● About this task
Would you set down the data that follows, word for word, without any pictures?

● Material provided
□ □ □ □ □
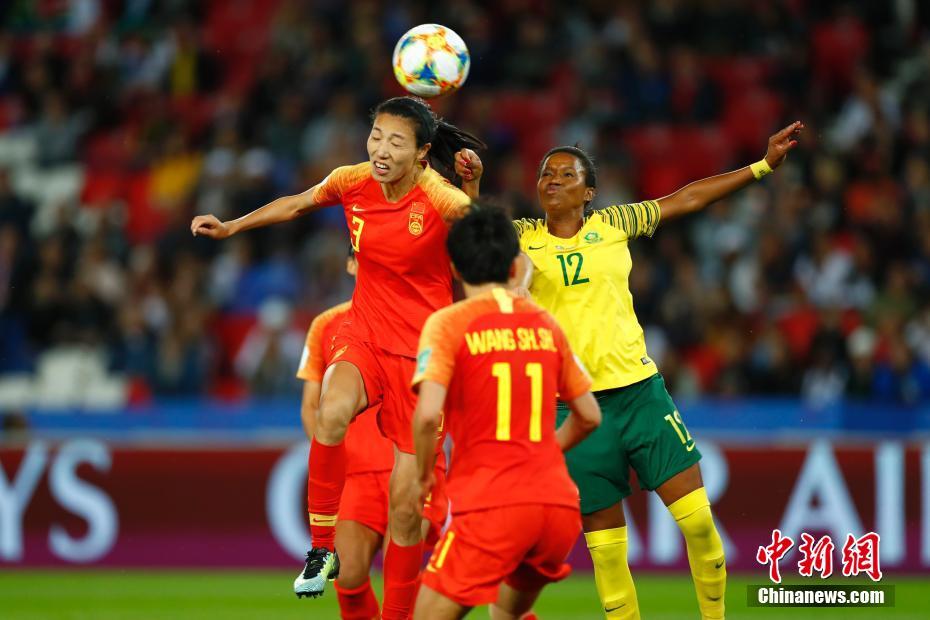 当地时间6月13日,中国队球员林宇萍(左)在比赛中争顶头球。当日,在法国巴黎举行的2019年国际足联女足世界杯B组小组赛中,中国队以1比0战胜南非队。中新社记者 富田 摄
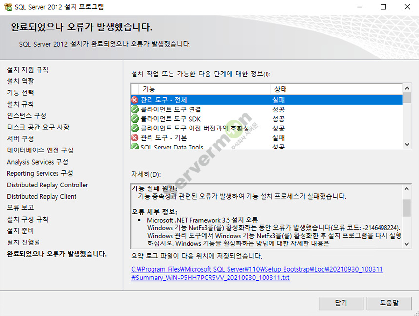 예시로 사용한 MSSQL 2012 의 경우 해당 과정을 Skip 하게되면 정상적으로 설치되지 않습니다.
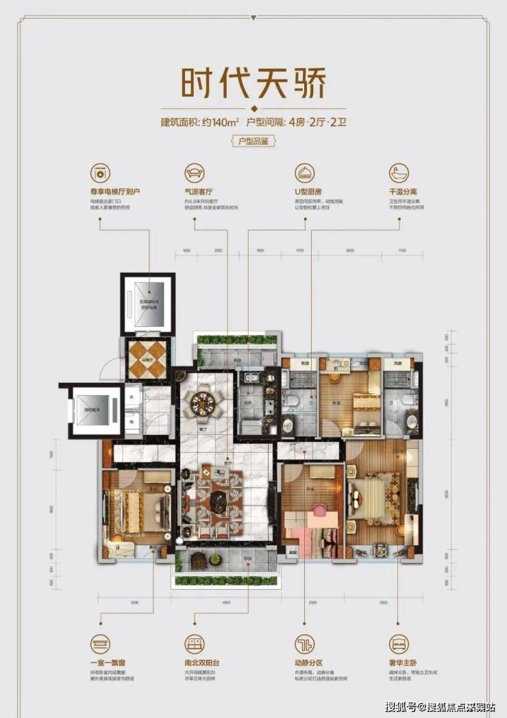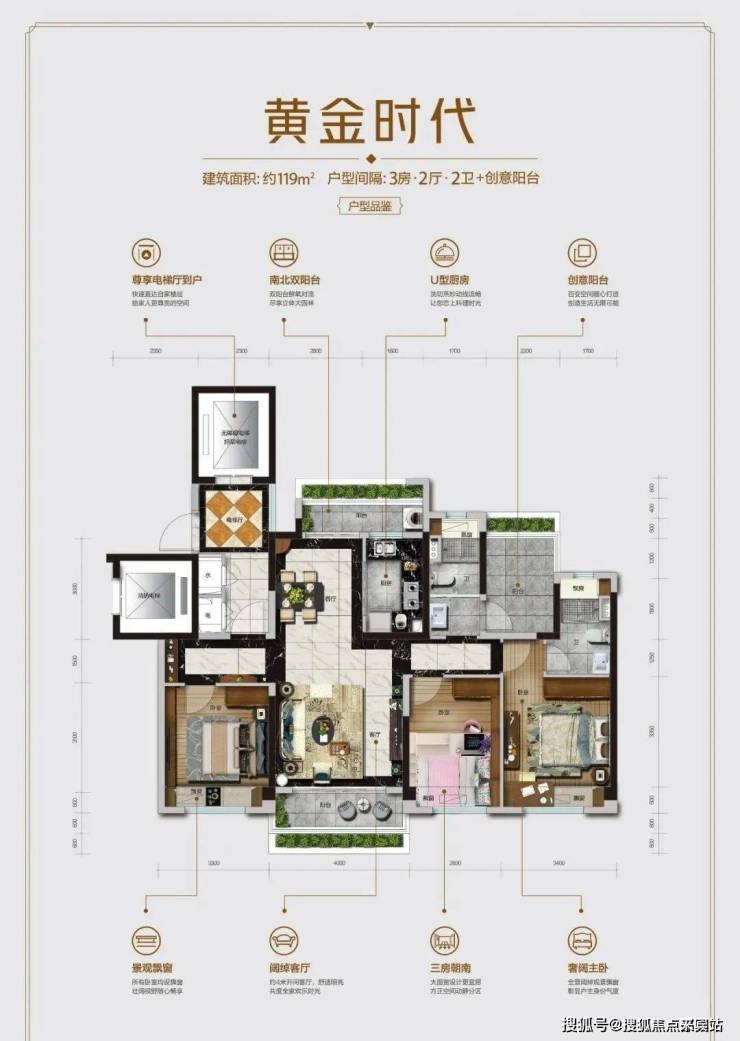 一、建面约119㎡,3房2厅+创意空间1、私家电梯厅到户,居住更私密2、双阳台设计,南北通透3、灵动创意空间,满足不同居家需求4、三房朝南设计,更贴合人性居住二、建面约140㎡,4房2厅1、私家电梯厅到户,居住更私密2、双阳台设计,南北通透3、二胎时代,一步到位4、干湿分区,符合居住卫生要求
□ □ □ □ □
● Result for this exercise
 当地时间6月13日,中国队球员林宇萍(左)在比赛中争顶头球。当日,在法国巴黎举行的2019年国际足联女足世界杯B组小组赛中,中国队以1比0战胜南非队。中新社记者 富田 摄
 예시로 사용한 MSSQL 2012 의 경우 해당 과정을 Skip 하게되면 정상적으로 설치되지 않습니다.
 一、建面约119㎡,3房2厅+创意空间1、私家电梯厅到户,居住更私密2、双阳台设计,南北通透3、灵动创意空间,满足不同居家需求4、三房朝南设计,更贴合人性居住二、建面约140㎡,4房2厅1、私家电梯厅到户,居住更私密2、双阳台设计,南北通透3、二胎时代,一步到位4、干湿分区,符合居住卫生要求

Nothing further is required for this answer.